Jamie Dimon, chief executive of JP Morgan Chase, said that the Wall Street bank was set to make Frankfurt its centre inside the bloc but would probably split jobs between Germany, France and Ireland. Precisely how many would leave Britain depended on the Brexit negotiation. Mr Dimon said that the EU would be able to ‘simply dictate’ how many of JP Morgan’s 16,000 employers would leave the UK by deciding what type of jobs it required to be filled by people within the bloc, rather than London.

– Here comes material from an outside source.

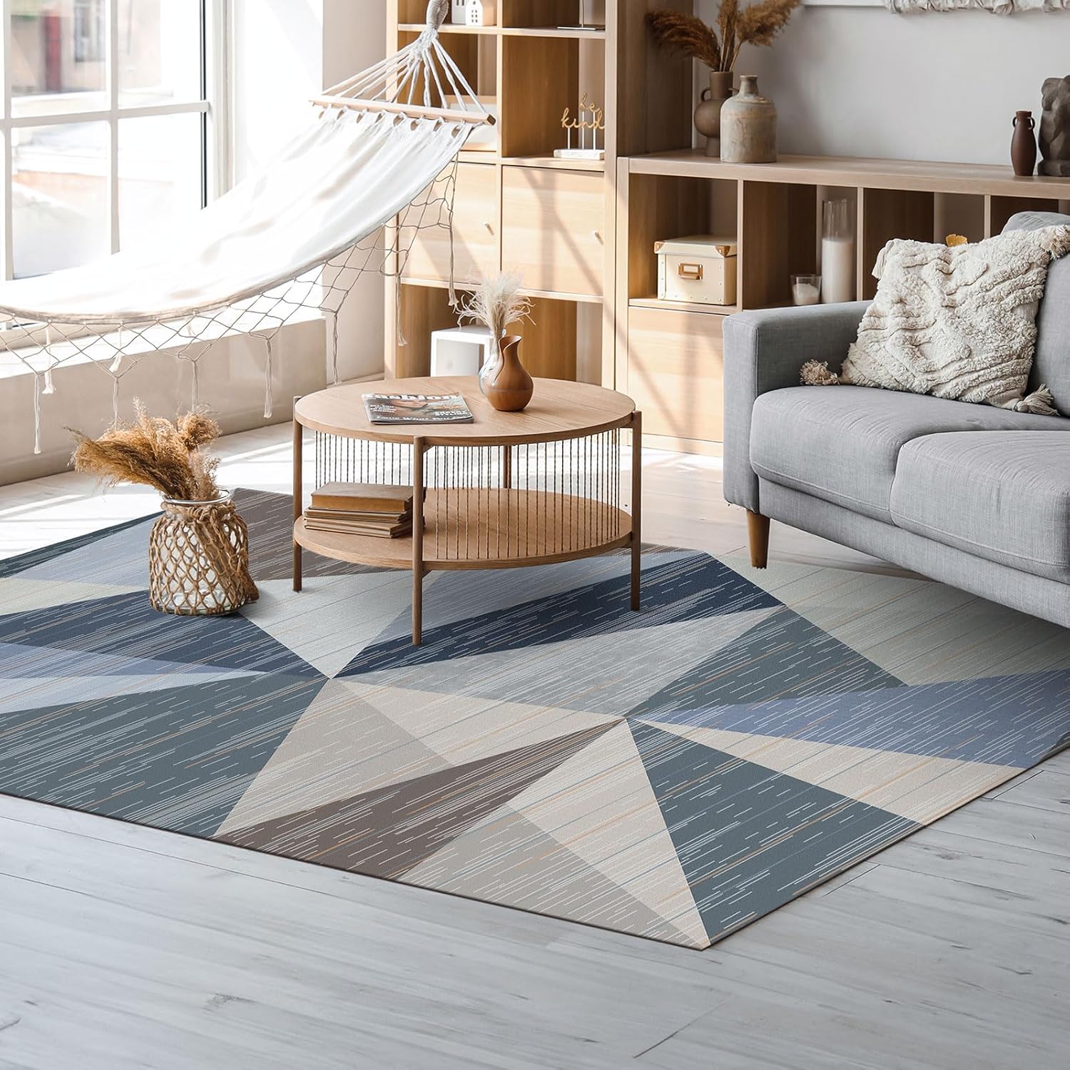 HOMFINE Washable Modern Area Rug - Geometric 10x14 Rugs for Living Room, Bedroom, Machine Washable Rug Soft Non Slip Non Shedding Area Rug - Blue, 10'x14'

Dublin emerged this week as the favourite place for relocation, just ahead of Frankfurt. Barclays is in talks with Irish regulators about expanding its presence in Dublin in the run up to Brexit. It is the latest financial company to indicate how it is repositioning to cope with the UK’s exit. Barclays said Ireland provided a ‘natural base’ as the bank has operated there for 40 years already. “In the absence of certainty around… an agreement, we intend to take necessary steps to preserve ongoing market access for our customers.”
Others are set to follow. I have to say I’m now becoming nervous as to the eventual outcomes of our Brexit negotiations, particularly around financial services. Clarity is needed soon. We cannot afford to lose passporting rights. The hope, of course, is that the UK and remaining 27 countries will agree a deal that replaces passporting with another granting access to each other’s markets. The sceptics among us believe that this, of course, won’t be possible unless the UK makes significant concessions on other issues, including its exit bill.
Well if that’s the case, perhaps it’s a price worth paying.